→ **SUPPLIED MATERIAL**:

#####

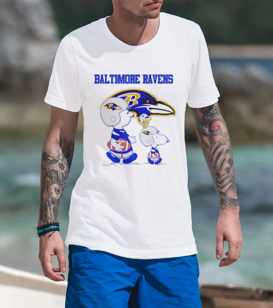 The Baltimore Ravens Peanuts Snoopy and Woodstock Football Ravens T-shirt is designed for everyday wear and a consistent fit. Fabric is pre-shrunk ring-spun cotton with durable stitching. See the size chart below for exact measurements.
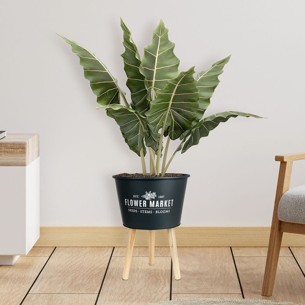 Oryginalna doniczka na trzech nóżkach. Stylowa i elegancka. Wykonana z cynku w kolorze grafitowym z napisem. Dzięki niej w piękny sposób wyeksponujesz rośliny żywe oraz sztuczne.✅Dane techniczne:
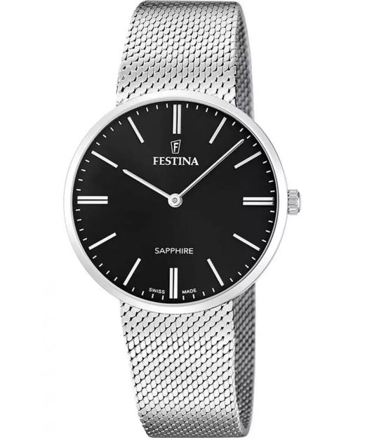 Reloj Festina Hombre F20074/4 Acero Plateado. Caja de acero plateado de 39,3mm de diámetro. Bisel plateado. Correa de malla Milán plateada. Cierre milanés. Esfera negra. Cristal zafiro. Movimiento quartz. Swiss Made. Sumergible 50m. 3 ańos de garantía. Ref F20074/4
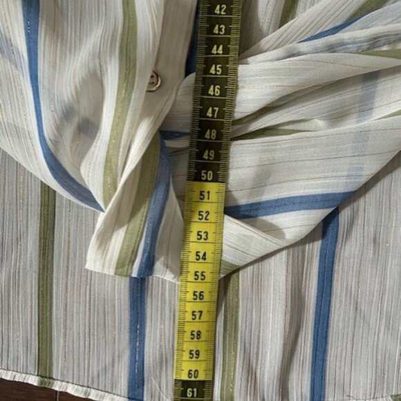 Sheer fabric with golden metal thread, loose fit, size M, never worn, tag removed.
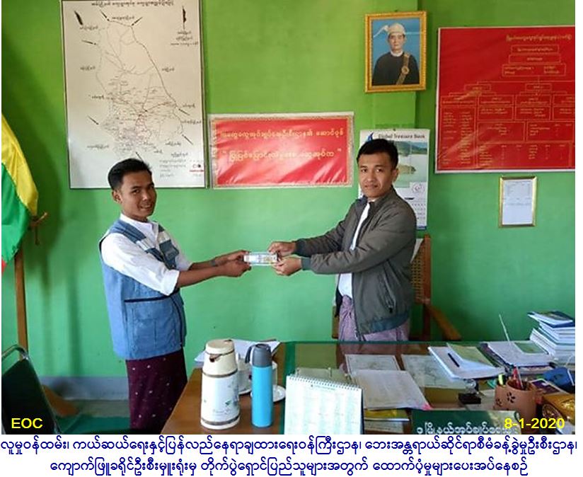 ကျောက်ဖြူခရိုင်၊ အမ်းမြို့၊ ကဇုကိုင်းကျေးရွာအုပ်စု၊ ရှောက်ခြုံကျေးရွာ၊ သရက်ပင်ချောင်းကျေးရွာ၊ အုန်းတည်ချောင်းကျေးရွာ၊ အမ်းမြို့နယ်၊ ဒါးလက်အုပ်စု၊ ဒါးလက်တောင်ရွာ၊ ဒါးလက်ရွာဟောင်းရွာနှင့် မြေပုံမြို့နယ်၊ စညှင်းကျေးရွာအုပ်စု၊ စညှင်းကျေးရွာတို့တွင် (၂.၁.၂၀၂၀) ရက်နေ့၌ ရောက်ရှိခိုလှုံလျက်ရှိသော တိုက်ပွဲရှောင်အိမ်ထောင်စု(၁၄)စုမှ ကျား(၂၄)ဦး၊ မ(၂၉)ဦး၊ စုစုပေါင်း (၅၃) ဦးတို့အတွက် ဆန်ရိက္ခာ (၂) ပတ်စာတန်ဖိုးငွေ (၂၂၂၆၀၀/-) တို့ကို (၈.၁.၂၀၂၀)ရက်နေ့ (၁၃:၀၀)နာရီအချိန်တွင် လူမှုဝန်ထမ်း၊ ကယ်ဆယ်ရေးနှင့်ပြန်လည်နေရာချထားရေးဝန်ကြီးဌာန၊ ဘေးအန္တရာယ်ဆိုင်ရာစီမံခန့်ခွဲမှုဦးစီးဌာန၊ ကျောက်ဖြူ ခရိုင်ဦးစီးမှူးရုံးမှ တာဝန်ရှိသူများသည် အမ်းမြို့နယ်အထွေထွေအုပ်ချုပ်ရေးဦးစီးဌာနမှ ဒုတိယမြို့နယ်အုပ်ချုပ်ရေးမှူးထံသို့ လွှဲပြောင်းထောက်ပံ့ပေးအပ်ခဲ့ပါကြောင်း သတင်းရရှိပါသည်။
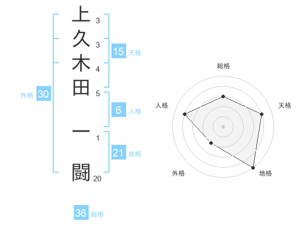 上久木田 一闘さんを姓名の画数から五運を鑑定
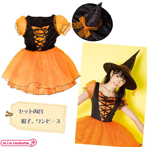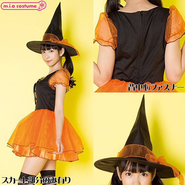 ハロウィーンの夜は魔女になりきり変身!オレンジ×黒の定番ハロウィンカラーで可愛く仕上げたキュートな魔女コスプレ。パフ袖やスカートに透明感のあるオーガンジー素材を使用しお洒落にデザイン!別途パニエを合わせれば、よりふんわり感アップ♪可愛いウィッチガールになれちゃいます。スカートのみ裏地付、背面ファスナー仕様◎Fサイズ※洗濯不可、塩素系漂白剤による漂白不可、アイロン不可、ドライクリーニング不可※こちらの商品は在庫の状況によりお届けまでに4日〜7日程度かかる場合がございます。
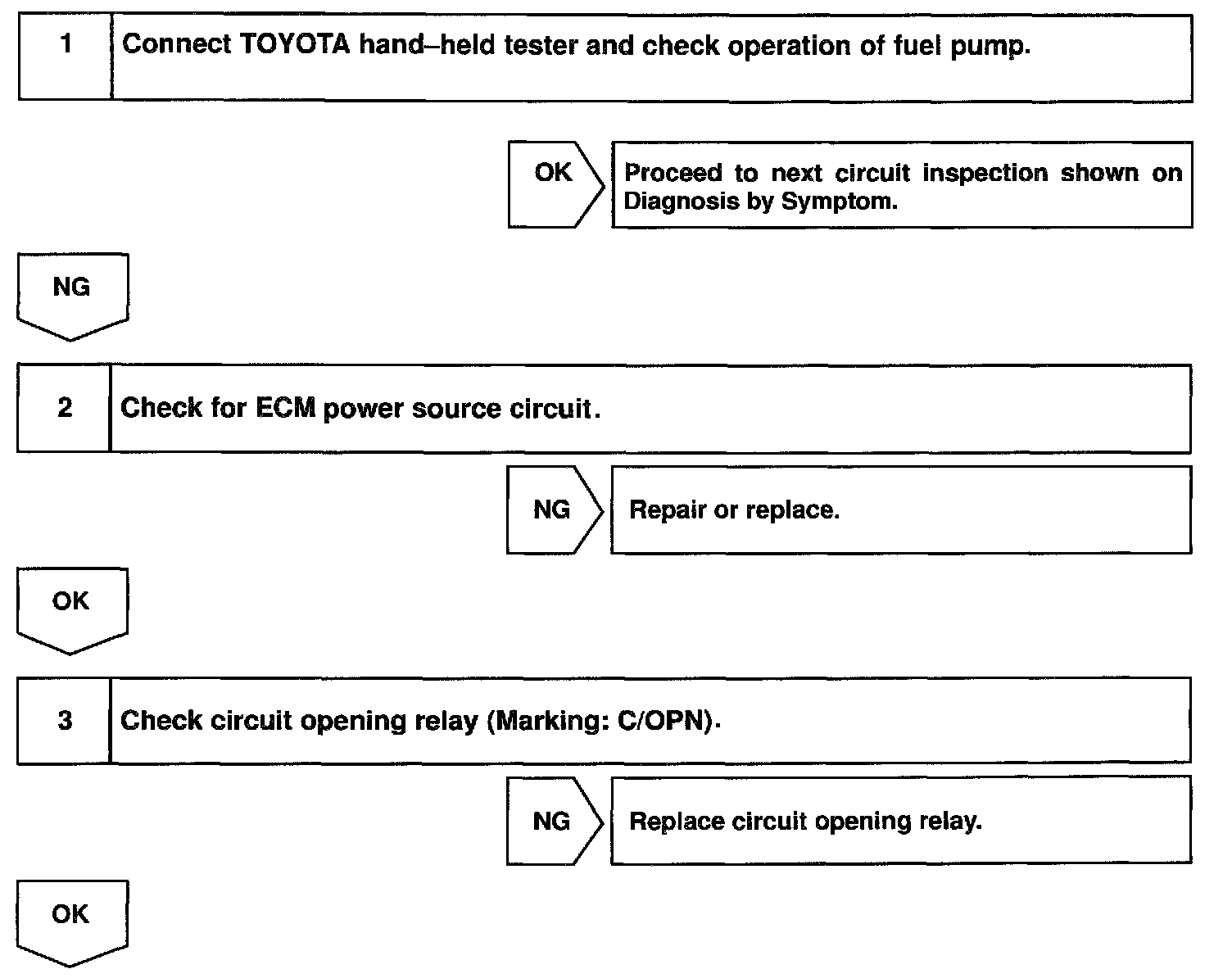 Engine ECU receives that signal and turns ON the circuit opening relay slightly earlier, then turns the fuel pump.
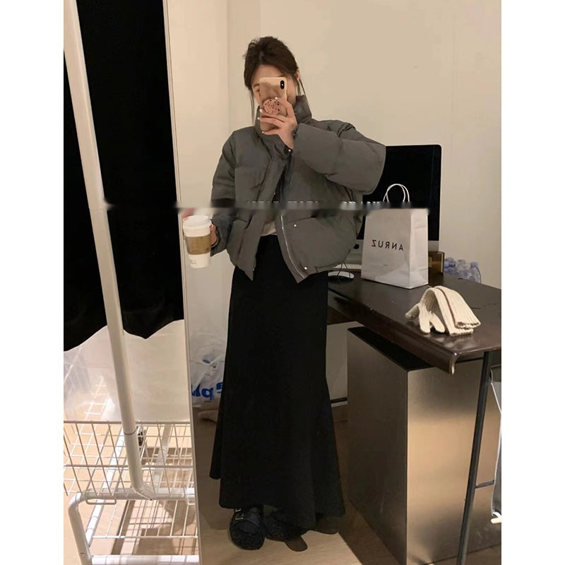White Duck Down Short Down Jacket Female Lazy Winter Gray Puffer Jacket Coat
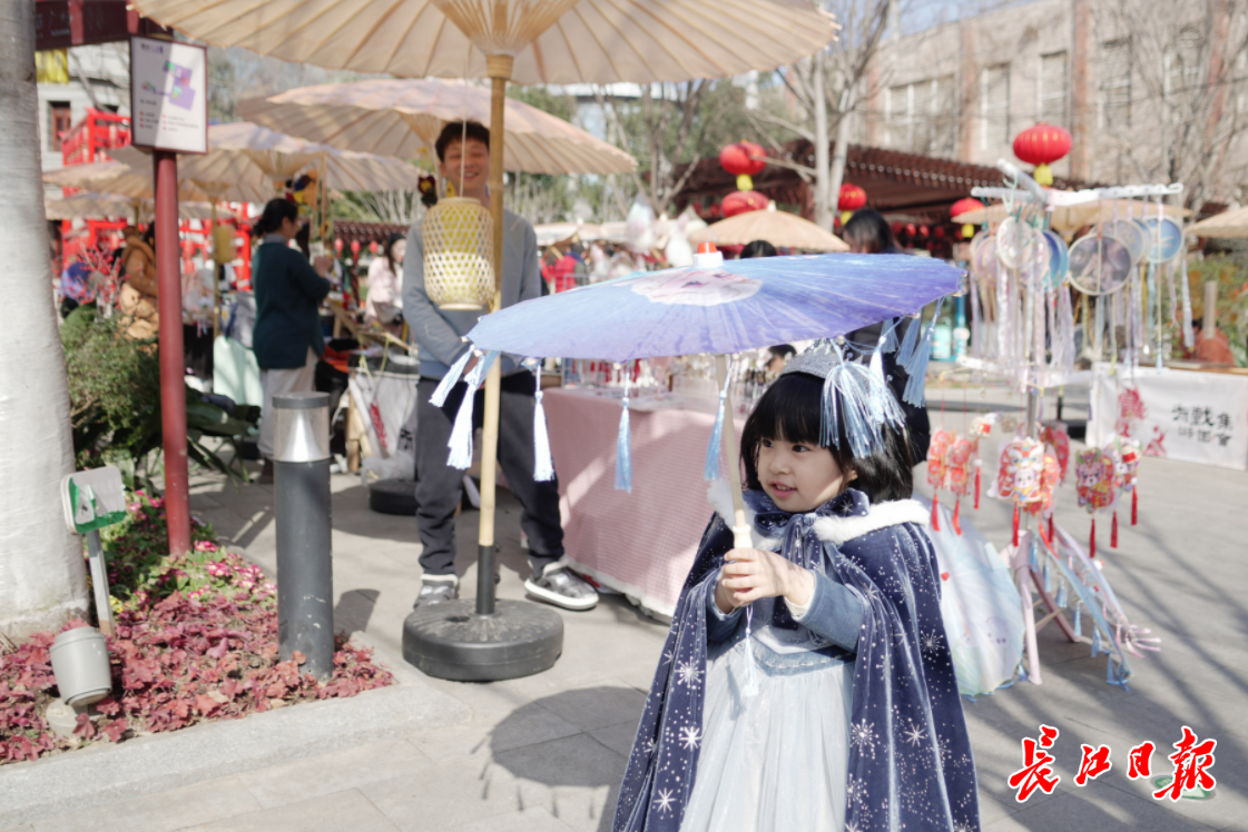 古风市集上,陆续有身着汉服的年轻游客和小朋友在这里慢慢逛,十分惹人注目。8岁的豆豆(小名)身着一袭红色汉服、戴着红色头饰在集市上逛了起来。小姑娘说:“我是从深圳回武汉过年,和奶奶、妈妈和哥哥一起逛昙华林,刚刚我们参与打枪游戏,还获得了两个娃娃”。
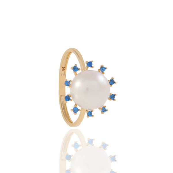 Pedras: Pérola Botão Natural e 10 Zircônias Azul
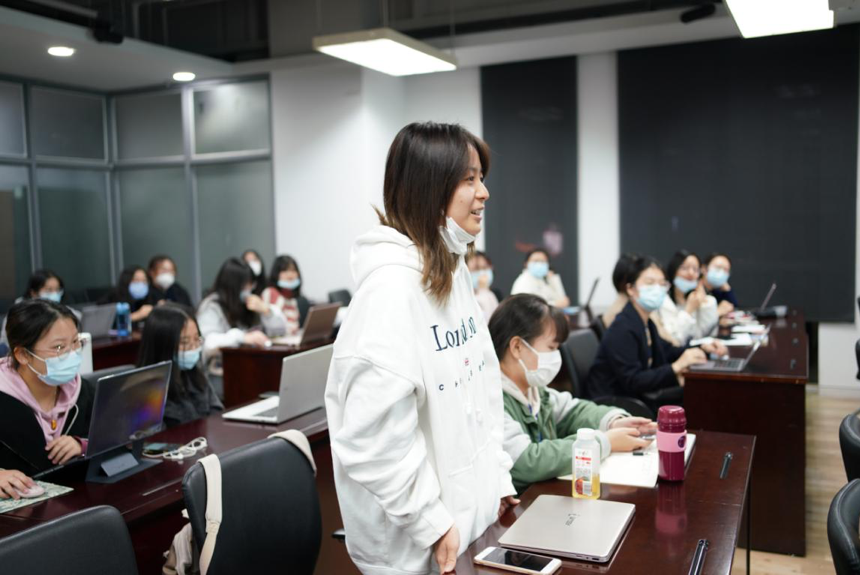 来自北京市中伦(上海)律师事务所的赵雯佳为现场同学们讲解了如何制作、投递简历、面试笔试经验及如何选择实习单位等实用性求职技巧。在分享中,她还结合工作与生活平衡性的角度出发,建议学弟和学妹们在选择实习和就业单位时,要做好平衡和选择,她指出,“红圈律所”的律师“工作强度大”、“行业竞争强”,每一位同学都应该结合自身的情况看是否要选择向“红圈律所”努力。
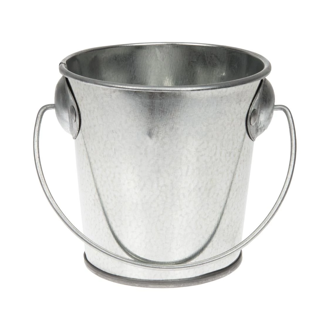 A contemporary looking small round galvanised steel bucket which is ideal for serving fries, scampi and chicken. Line with Vogue baking parchment (DM177) for a ‘gastropub’ look.
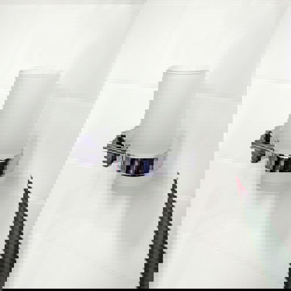 A stylish and functional fixture, the Vitality Toothbrush Holder offers practical storage for toiletries and helps keep the sink area tidy. Its contemporary design integrates seamlessly into any bathroom decor. This quality accessory is manufactured using high grade Stainless Steel and Frosted Glass, and is finished in a durable chrome plated finish.
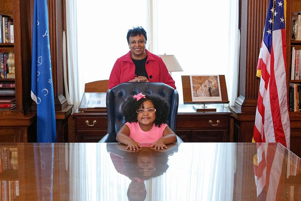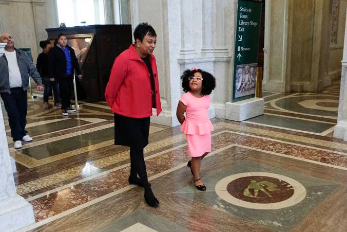 La Hayden, la prima donna e la prima afroamericana a capo della Biblioteca del Congresso, ha accompagnato la bimba durante l’esplorazione.

#####

→ **YOUR GOAL**: Once the pictures are removed, set down what remains of the entries above exactly.

→ **WRITTEN SOLUTION**:
 The Baltimore Ravens Peanuts Snoopy and Woodstock Football Ravens T-shirt is designed for everyday wear and a consistent fit. Fabric is pre-shrunk ring-spun cotton with durable stitching. See the size chart below for exact measurements.
 Oryginalna doniczka na trzech nóżkach. Stylowa i elegancka. Wykonana z cynku w kolorze grafitowym z napisem. Dzięki niej w piękny sposób wyeksponujesz rośliny żywe oraz sztuczne.✅Dane techniczne:
 Reloj Festina Hombre F20074/4 Acero Plateado. Caja de acero plateado de 39,3mm de diámetro. Bisel plateado. Correa de malla Milán plateada. Cierre milanés. Esfera negra. Cristal zafiro. Movimiento quartz. Swiss Made. Sumergible 50m. 3 ańos de garantía. Ref F20074/4
 Sheer fabric with golden metal thread, loose fit, size M, never worn, tag removed.
 ကျောက်ဖြူခရိုင်၊ အမ်းမြို့၊ ကဇုကိုင်းကျေးရွာအုပ်စု၊ ရှောက်ခြုံကျေးရွာ၊ သရက်ပင်ချောင်းကျေးရွာ၊ အုန်းတည်ချောင်းကျေးရွာ၊ အမ်းမြို့နယ်၊ ဒါးလက်အုပ်စု၊ ဒါးလက်တောင်ရွာ၊ ဒါးလက်ရွာဟောင်းရွာနှင့် မြေပုံမြို့နယ်၊ စညှင်းကျေးရွာအုပ်စု၊ စညှင်းကျေးရွာတို့တွင် (၂.၁.၂၀၂၀) ရက်နေ့၌ ရောက်ရှိခိုလှုံလျက်ရှိသော တိုက်ပွဲရှောင်အိမ်ထောင်စု(၁၄)စုမှ ကျား(၂၄)ဦး၊ မ(၂၉)ဦး၊ စုစုပေါင်း (၅၃) ဦးတို့အတွက် ဆန်ရိက္ခာ (၂) ပတ်စာတန်ဖိုးငွေ (၂၂၂၆၀၀/-) တို့ကို (၈.၁.၂၀၂၀)ရက်နေ့ (၁၃:၀၀)နာရီအချိန်တွင် လူမှုဝန်ထမ်း၊ ကယ်ဆယ်ရေးနှင့်ပြန်လည်နေရာချထားရေးဝန်ကြီးဌာန၊ ဘေးအန္တရာယ်ဆိုင်ရာစီမံခန့်ခွဲမှုဦးစီးဌာန၊ ကျောက်ဖြူ ခရိုင်ဦးစီးမှူးရုံးမှ တာဝန်ရှိသူများသည် အမ်းမြို့နယ်အထွေထွေအုပ်ချုပ်ရေးဦးစီးဌာနမှ ဒုတိယမြို့နယ်အုပ်ချုပ်ရေးမှူးထံသို့ လွှဲပြောင်းထောက်ပံ့ပေးအပ်ခဲ့ပါကြောင်း သတင်းရရှိပါသည်။
 上久木田 一闘さんを姓名の画数から五運を鑑定
 ハロウィーンの夜は魔女になりきり変身!オレンジ×黒の定番ハロウィンカラーで可愛く仕上げたキュートな魔女コスプレ。パフ袖やスカートに透明感のあるオーガンジー素材を使用しお洒落にデザイン!別途パニエを合わせれば、よりふんわり感アップ♪可愛いウィッチガールになれちゃいます。スカートのみ裏地付、背面ファスナー仕様◎Fサイズ※洗濯不可、塩素系漂白剤による漂白不可、アイロン不可、ドライクリーニング不可※こちらの商品は在庫の状況によりお届けまでに4日〜7日程度かかる場合がございます。
 Engine ECU receives that signal and turns ON the circuit opening relay slightly earlier, then turns the fuel pump.
White Duck Down Short Down Jacket Female Lazy Winter Gray Puffer Jacket Coat
 古风市集上,陆续有身着汉服的年轻游客和小朋友在这里慢慢逛,十分惹人注目。8岁的豆豆(小名)身着一袭红色汉服、戴着红色头饰在集市上逛了起来。小姑娘说:“我是从深圳回武汉过年,和奶奶、妈妈和哥哥一起逛昙华林,刚刚我们参与打枪游戏,还获得了两个娃娃”。
 Pedras: Pérola Botão Natural e 10 Zircônias Azul
 来自北京市中伦(上海)律师事务所的赵雯佳为现场同学们讲解了如何制作、投递简历、面试笔试经验及如何选择实习单位等实用性求职技巧。在分享中,她还结合工作与生活平衡性的角度出发,建议学弟和学妹们在选择实习和就业单位时,要做好平衡和选择,她指出,“红圈律所”的律师“工作强度大”、“行业竞争强”,每一位同学都应该结合自身的情况看是否要选择向“红圈律所”努力。
 A contemporary looking small round galvanised steel bucket which is ideal for serving fries, scampi and chicken. Line with Vogue baking parchment (DM177) for a ‘gastropub’ look.
 A stylish and functional fixture, the Vitality Toothbrush Holder offers practical storage for toiletries and helps keep the sink area tidy. Its contemporary design integrates seamlessly into any bathroom decor. This quality accessory is manufactured using high grade Stainless Steel and Frosted Glass, and is finished in a durable chrome plated finish.
 La Hayden, la prima donna e la prima afroamericana a capo della Biblioteca del Congresso, ha accompagnato la bimba durante l’esplorazione.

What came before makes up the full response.